Material for this task: Begin

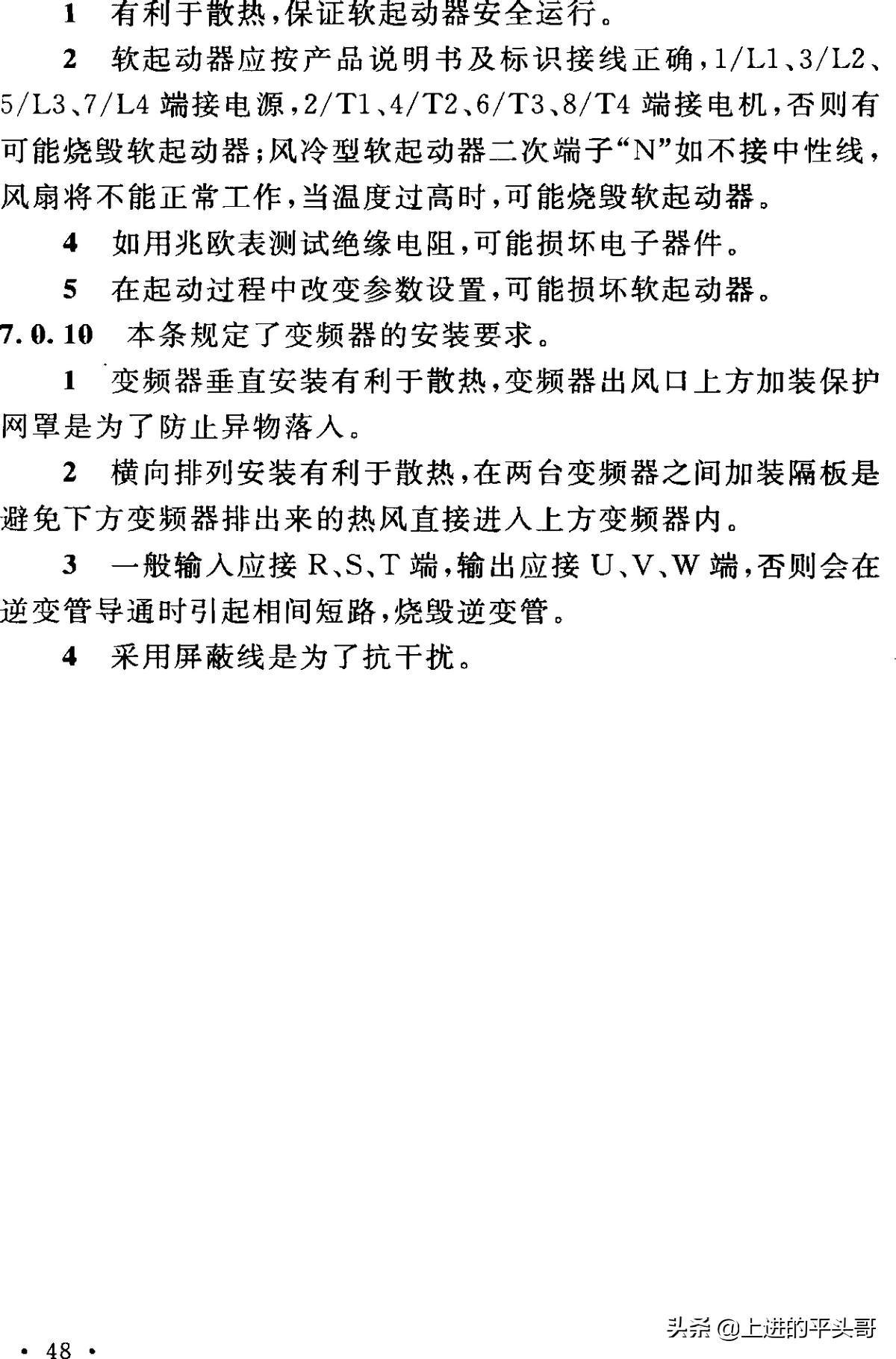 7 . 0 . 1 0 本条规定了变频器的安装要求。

Material for this task: End
Material for this task: Begin

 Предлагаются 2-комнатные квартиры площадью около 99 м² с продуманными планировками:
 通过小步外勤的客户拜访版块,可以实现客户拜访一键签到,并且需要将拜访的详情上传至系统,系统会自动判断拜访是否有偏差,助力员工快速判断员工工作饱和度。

Material for this task: End
Material for this task: Begin

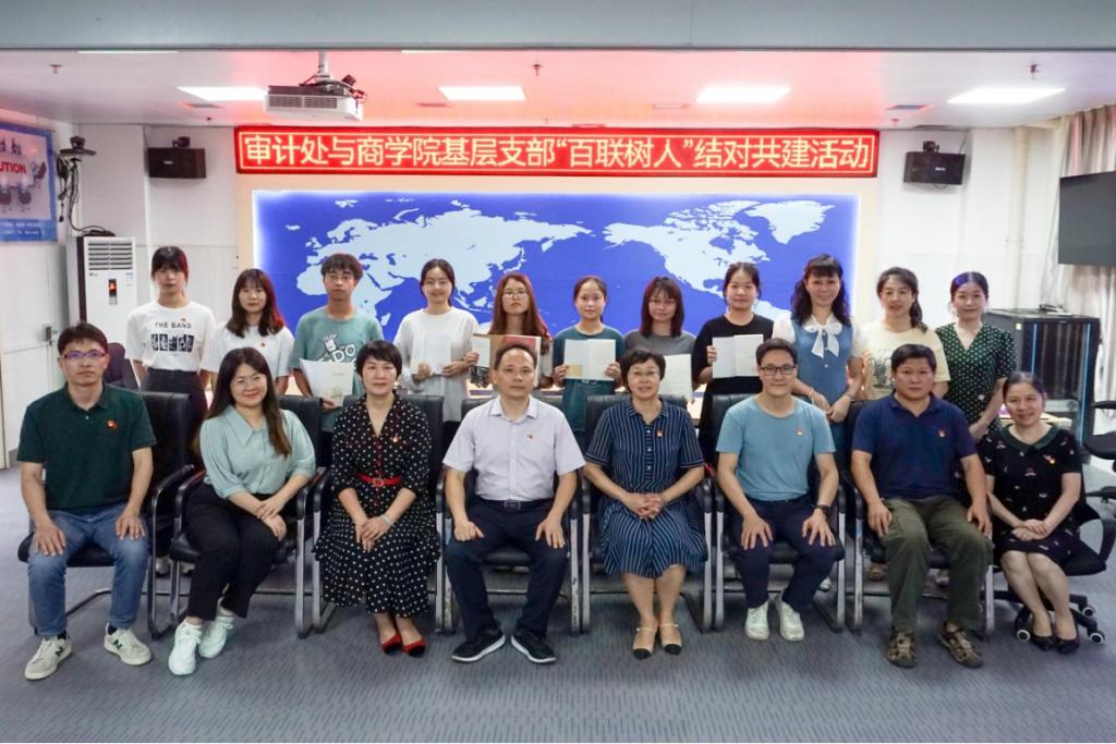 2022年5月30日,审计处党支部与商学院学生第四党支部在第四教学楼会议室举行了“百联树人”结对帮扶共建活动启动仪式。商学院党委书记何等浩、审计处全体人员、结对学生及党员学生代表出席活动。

Material for this task: End

Copy the entries above exactly, but only from the line holding "Предлагаются 2-комнатные квартиры" through the line holding "通过小步外勤的客户拜访版块,可以实现客户", both included.

Solved exercise:
 Предлагаются 2-комнатные квартиры площадью около 99 м² с продуманными планировками:
 通过小步外勤的客户拜访版块,可以实现客户拜访一键签到,并且需要将拜访的详情上传至系统,系统会自动判断拜访是否有偏差,助力员工快速判断员工工作饱和度。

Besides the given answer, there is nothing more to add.